Monday, October 24, 2011

Menu Monday!!

I know what you're thinking. . . BRUSSELS SPROUTS!!  Yuck!!  Trust me, these are tastey and you can use your imagination and really make this recipe yours. Give them a try, you won't regret  it and the health benefits are unbelievable.

In fact, here is just one of the many benefits:  Brussels sprouts contain more glucosinolates than any other vegetable except brocolli.

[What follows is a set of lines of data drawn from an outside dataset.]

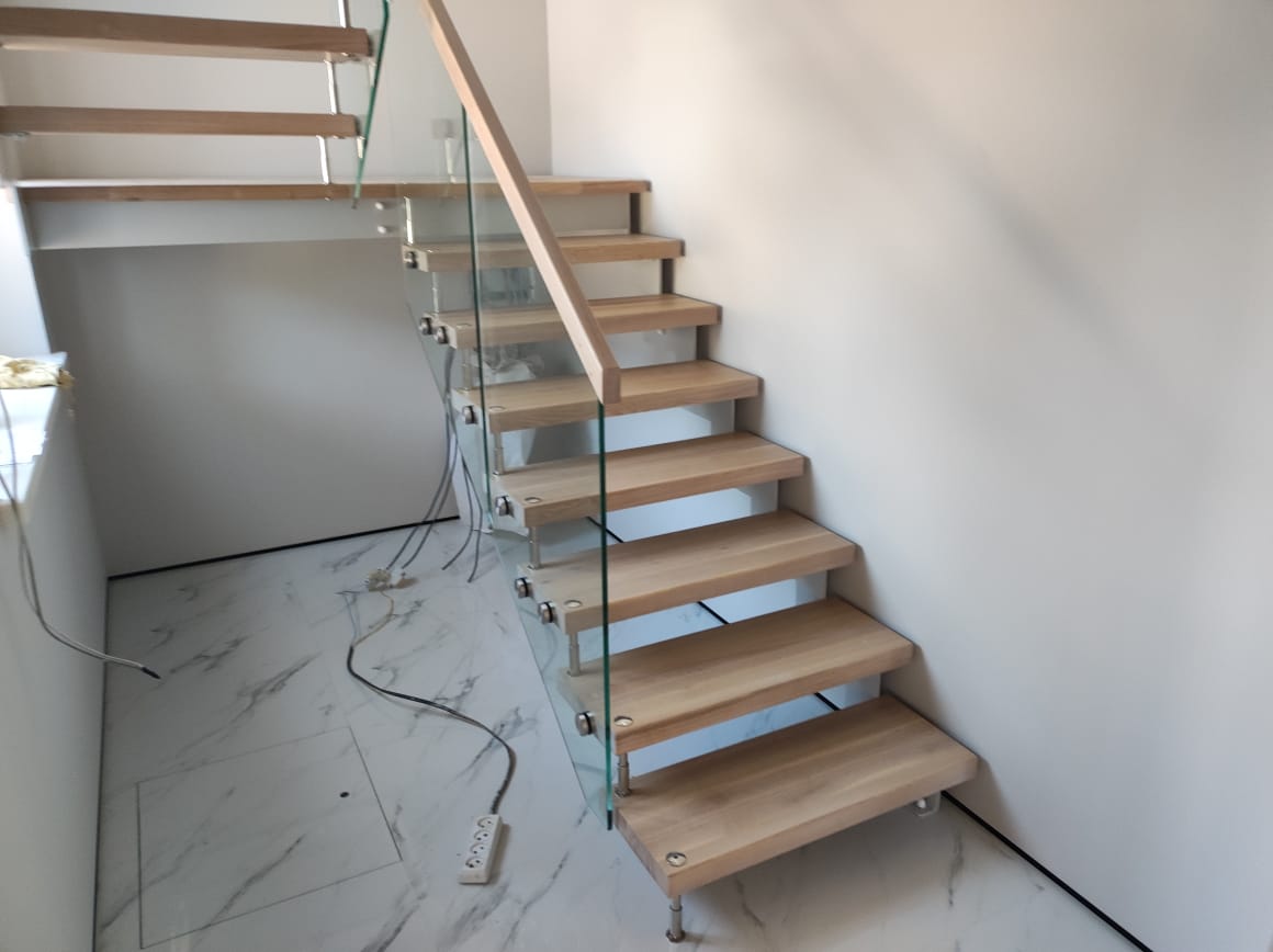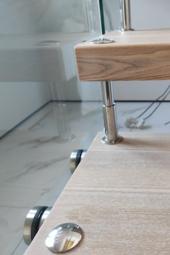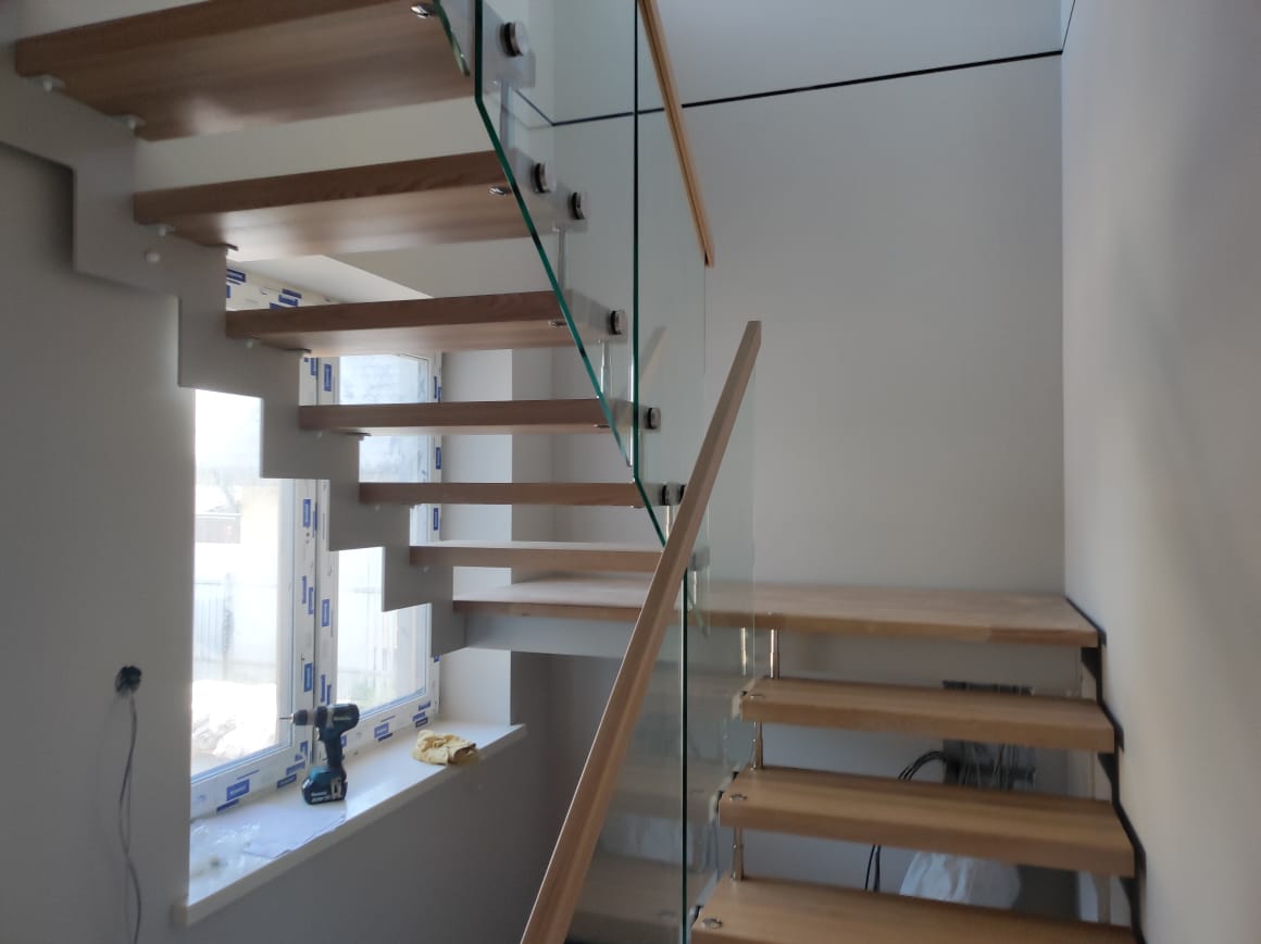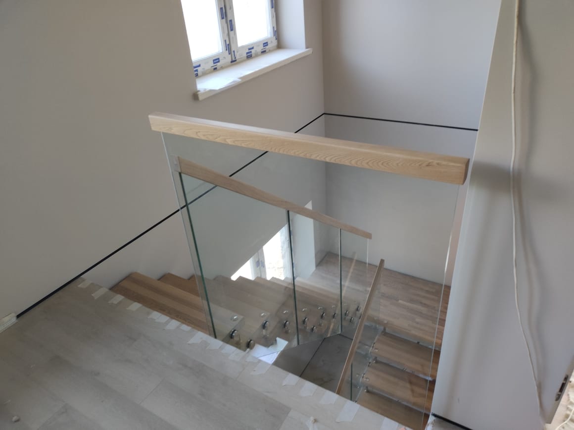 Ограждение выполнено из самонесущего закаленного стекла на точечных держателях. Такое решение подчеркивает современный стиль и обеспечивает безопасность, не загораживая обзор. Дубовый поручень гармонично завершает композицию.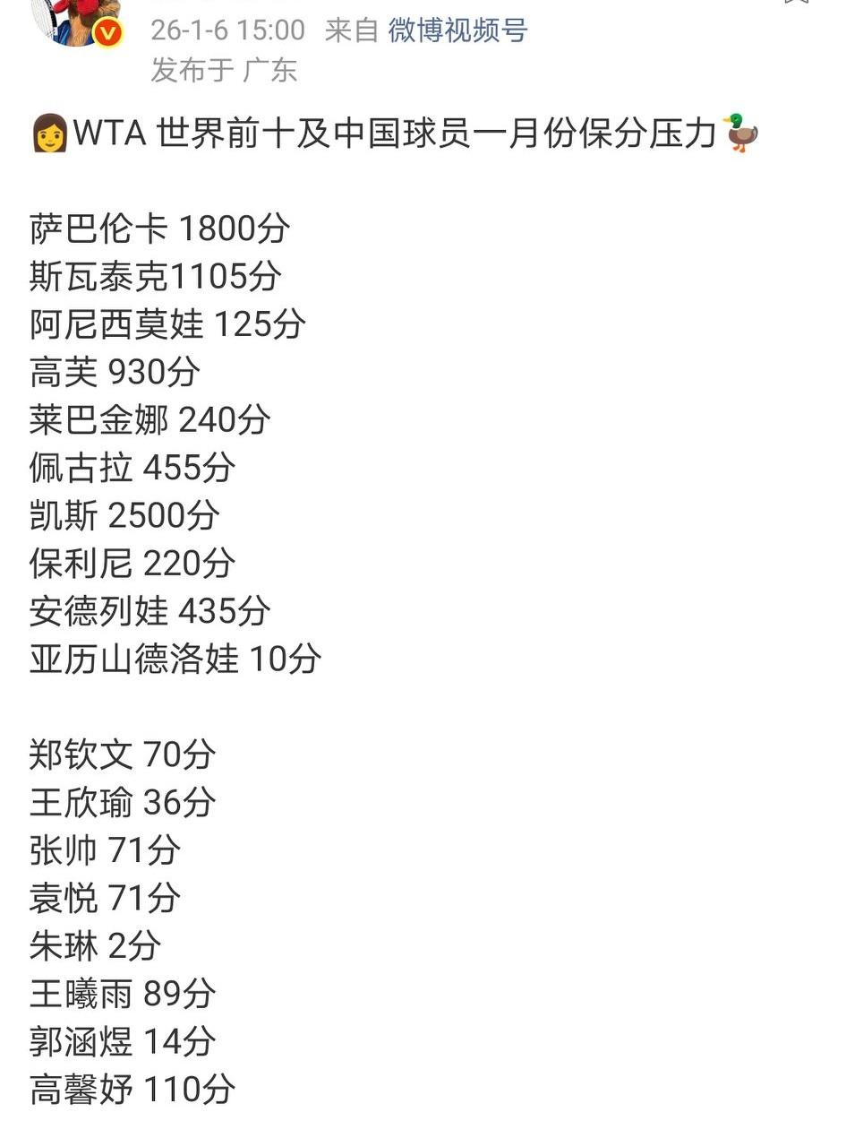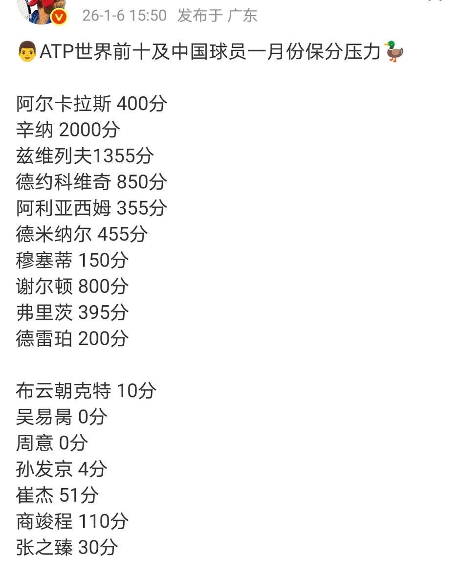 ATP香港250赛首轮,商竣程6-4/6-4科梅萨纳。下轮对阵索内戈。小商拿到25分/12285美金。即时排名347位。商竣程1月保分压力巨大,有110分需要去保。 WTA 布里斯班 500 赛次轮,张帅错失第二盘4-1的领先,3-6/5-7不敌莱巴金娜。 1月份张帅有71分需要去保。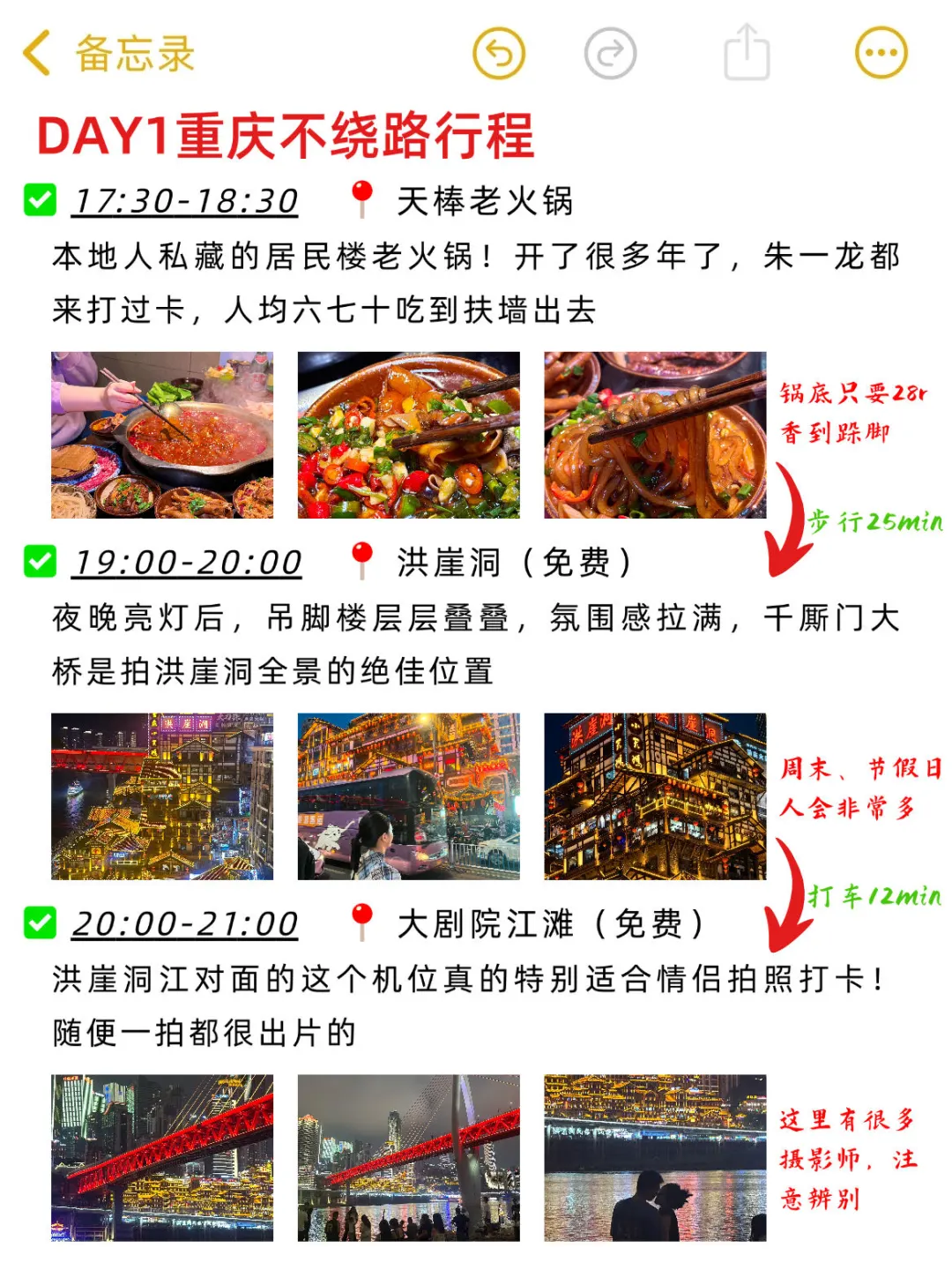 准备计划来重庆游玩的姐妹们👭不想自己做攻略的,就看看我花了一天时间熬夜总结的游玩攻略!涵盖了重庆注意事项、游玩路线、重庆美食!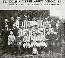St Philip's Marsh Adult School Football Club was an English association football club based in the St Philip's Marsh area of Bristol. They were founded in 1919 and won Division Two of the Bristol and District Football League in their first season.

Glucosinolates are important phytonutrients for our health because they are the chemical starting points for a variety of cancer-protective substances. All cruciferous vegetables contain glucosinolates and have great health benefits for this reason. But it's recent research that's made us realize how especially valuable Brussels sprouts are in this regard.

The cancer protection we get from Brussels sprouts is largely related to four specific glucosinolates found in this cruciferous vegetable: glucoraphanin, glucobrassicin, sinigrin, and gluconasturtiian. Research has shown that Brussels sprouts offer these cancer-preventive components in special combination.


Sautéed Brussels Sprouts

Gina's Weight Watcher Recipes

Servings: 4
Size: about 1/2 cup
Calories: 82 Old Points: 1 pt Points Plus: 2 pts
Calories: 86.2 • Fat: 3.7 g • Carbs: 11.9 • Fiber: 4.3 • Protein: 4.1 g

• 1 lb Brussels sprouts (outer leaves removed and washed)
• 1 tbsp extra virgin olive oil
• 2 cloves garlic, minced
• 1 shallot, minced
• kosher salt and fresh ground pepper

Finely shred the Brussels sprouts after thoroughly washing. In a sauté pan, heat olive oil. Add shallots and sauté about 2 minutes; add garlic and sauté until golden. Add Brussels sprouts, salt and pepper and sauté on medium-low for about 4-5 minutes.